• Extracted data:
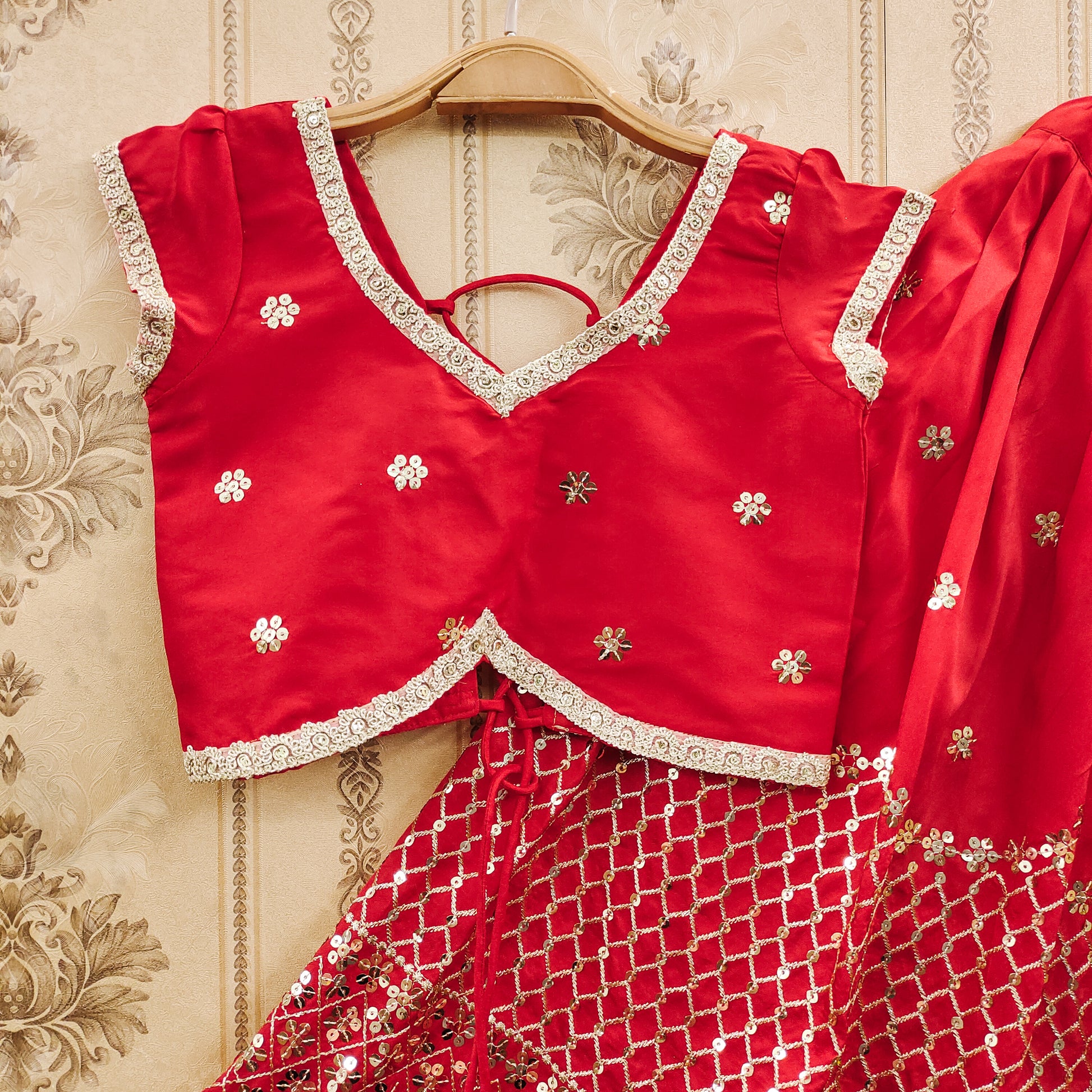 Made from high-quality fabric and Embroidery Sequence Work with Red color and fully stitched for easy wear, this outfit offers both style and convenience.
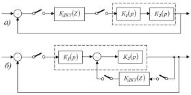 Рис. 1. Структурные схемы импульсных систем с последовательной дискретной коррекцией (а) и дискретной коррекцией в цепи ОС (б)
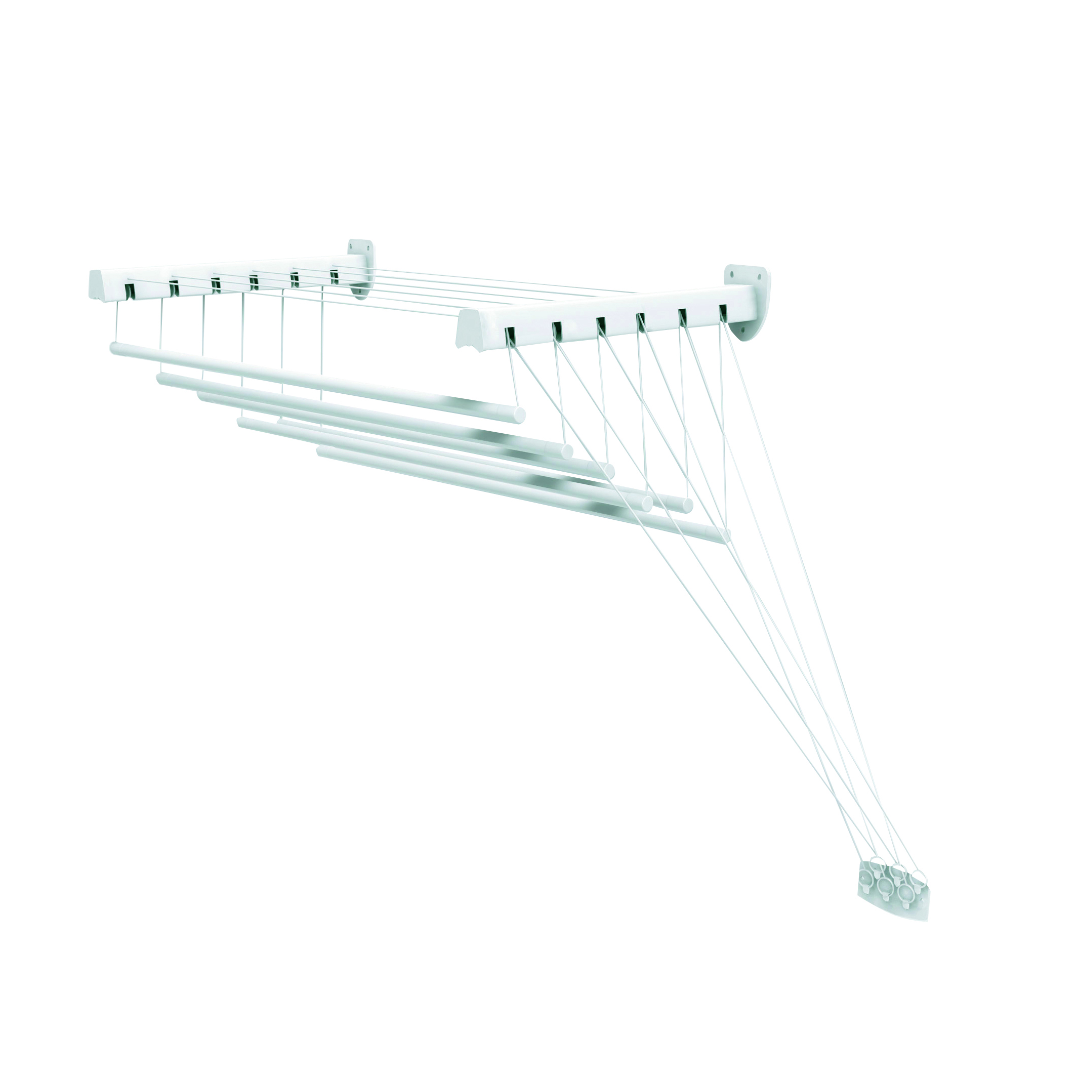 In acciaio verniciato bianco, L 120 x H 135 x P 43 cm, stenditura 7 m. Saliscendi, da fissaggio a soffitto o parete
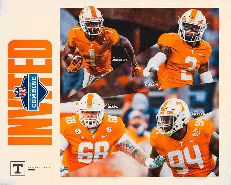 INDIANAPOLIS - Tennessee VFLs defensive tackle Matthew Butler, wide receiver Velus Jones Jr., offensive lineman Cade Mays and defensive back Alontae Taylor will show...
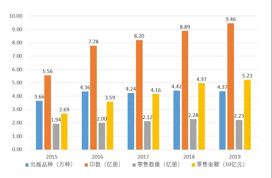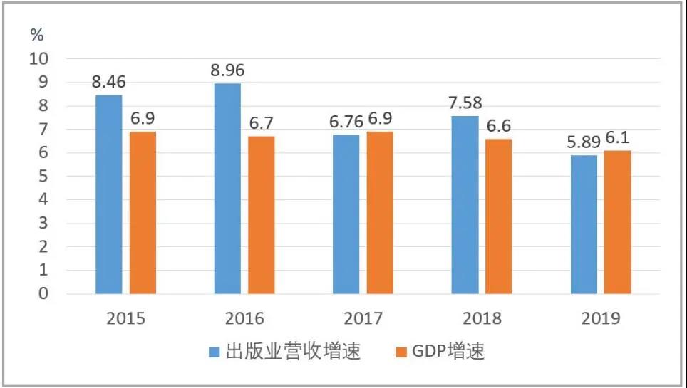 5年间,出版业营业收入的年增速分别为8.46%、8.96%、6.76%、7.58%和5.89%。与同年GDP增速基本同步,其中2015年、2016年和2018年,三年增速高于GDP增速,2017年、2019年,两年增速低于GDP增速(见图2)。
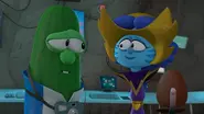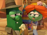 Larry plays the adventurous archaeologist Minnesota Cuke, a parody of Indiana Jones. Petunia Rhubarb plays Julia, a former archaeologist, ice cream shop owner, and researcher who helps Minnesota on his quest to find Samson’s legendary hairbrush, which is said to give great strength. Throughout the story, Julia and Minnesota work closely together. Julia is smart, confident, and practical — often guiding Minnesota when he gets nervous or distracted. Larry’s character clearly admires her, and their interactions have light, funny hints of affection, though nothing overtly romantic. By the end, Julia helps Minnesota learn the true lesson: that real strength comes from God, not from objects or revenge. She respects him for his courage and faith, and he’s clearly impressed by her wisdom and kindness.
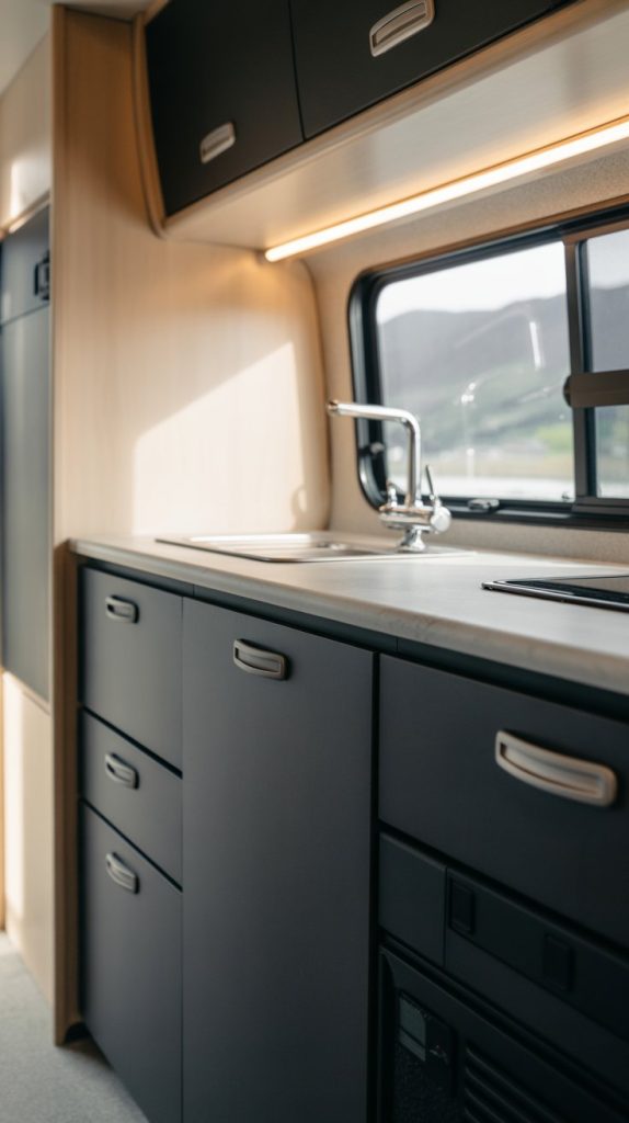 Matte black cabinetry can add a strong, modern look to your RV. It creates a sharp contrast against lighter walls and countertops. This contrast makes the space feel more stylish and put-together.
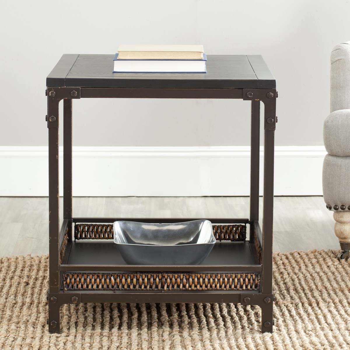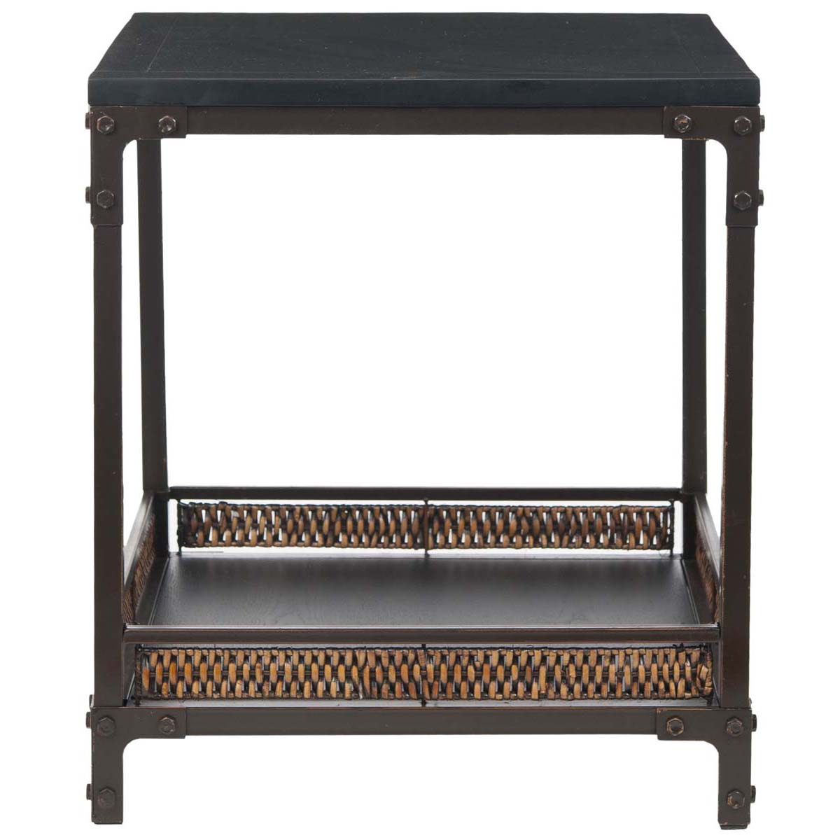 The Dinesh End Table pairs casual style with industrial undertones. A black wood top and wicker bottom shelf stand atop dark walnut toned metal legs which boast exposed rivets and brackets??a modern counterpoint to the traditional inspiration. Minor assembly required.

• Exercise brief: Omit the pictures; restate every entry word for word.

• Solution to the problem:
 Made from high-quality fabric and Embroidery Sequence Work with Red color and fully stitched for easy wear, this outfit offers both style and convenience.
 Рис. 1. Структурные схемы импульсных систем с последовательной дискретной коррекцией (а) и дискретной коррекцией в цепи ОС (б)
 In acciaio verniciato bianco, L 120 x H 135 x P 43 cm, stenditura 7 m. Saliscendi, da fissaggio a soffitto o parete
 INDIANAPOLIS - Tennessee VFLs defensive tackle Matthew Butler, wide receiver Velus Jones Jr., offensive lineman Cade Mays and defensive back Alontae Taylor will show...
 5年间,出版业营业收入的年增速分别为8.46%、8.96%、6.76%、7.58%和5.89%。与同年GDP增速基本同步,其中2015年、2016年和2018年,三年增速高于GDP增速,2017年、2019年,两年增速低于GDP增速(见图2)。
 Larry plays the adventurous archaeologist Minnesota Cuke, a parody of Indiana Jones. Petunia Rhubarb plays Julia, a former archaeologist, ice cream shop owner, and researcher who helps Minnesota on his quest to find Samson’s legendary hairbrush, which is said to give great strength. Throughout the story, Julia and Minnesota work closely together. Julia is smart, confident, and practical — often guiding Minnesota when he gets nervous or distracted. Larry’s character clearly admires her, and their interactions have light, funny hints of affection, though nothing overtly romantic. By the end, Julia helps Minnesota learn the true lesson: that real strength comes from God, not from objects or revenge. She respects him for his courage and faith, and he’s clearly impressed by her wisdom and kindness.
 Matte black cabinetry can add a strong, modern look to your RV. It creates a sharp contrast against lighter walls and countertops. This contrast makes the space feel more stylish and put-together.
 The Dinesh End Table pairs casual style with industrial undertones. A black wood top and wicker bottom shelf stand atop dark walnut toned metal legs which boast exposed rivets and brackets??a modern counterpoint to the traditional inspiration. Minor assembly required.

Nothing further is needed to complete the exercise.